═════ Data extract ═════

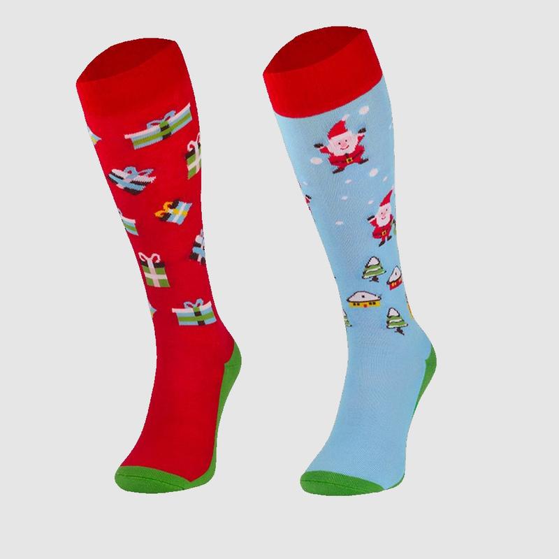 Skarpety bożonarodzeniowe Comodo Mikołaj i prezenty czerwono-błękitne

═════
═════ Data extract ═════

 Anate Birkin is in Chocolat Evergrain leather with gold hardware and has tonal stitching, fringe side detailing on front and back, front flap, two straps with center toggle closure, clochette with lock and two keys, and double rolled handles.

═════
═════ Data extract ═════

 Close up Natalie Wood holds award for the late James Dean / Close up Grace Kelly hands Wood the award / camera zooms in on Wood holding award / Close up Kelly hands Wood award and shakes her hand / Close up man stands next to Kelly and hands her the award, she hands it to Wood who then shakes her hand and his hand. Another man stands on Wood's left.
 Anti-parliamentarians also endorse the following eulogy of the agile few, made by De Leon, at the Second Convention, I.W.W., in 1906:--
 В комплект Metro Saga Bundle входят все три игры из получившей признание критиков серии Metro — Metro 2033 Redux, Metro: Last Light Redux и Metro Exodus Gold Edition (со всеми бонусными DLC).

═════

_What is needed:_
Please, from the material above, copy only the lines from the line with "Close up Natalie" up to and including the line with "В комплект Metro", exactly as written.

_Task response:_
 Close up Natalie Wood holds award for the late James Dean / Close up Grace Kelly hands Wood the award / camera zooms in on Wood holding award / Close up Kelly hands Wood award and shakes her hand / Close up man stands next to Kelly and hands her the award, she hands it to Wood who then shakes her hand and his hand. Another man stands on Wood's left.
 Anti-parliamentarians also endorse the following eulogy of the agile few, made by De Leon, at the Second Convention, I.W.W., in 1906:--
 В комплект Metro Saga Bundle входят все три игры из получившей признание критиков серии Metro — Metro 2033 Redux, Metro: Last Light Redux и Metro Exodus Gold Edition (со всеми бонусными DLC).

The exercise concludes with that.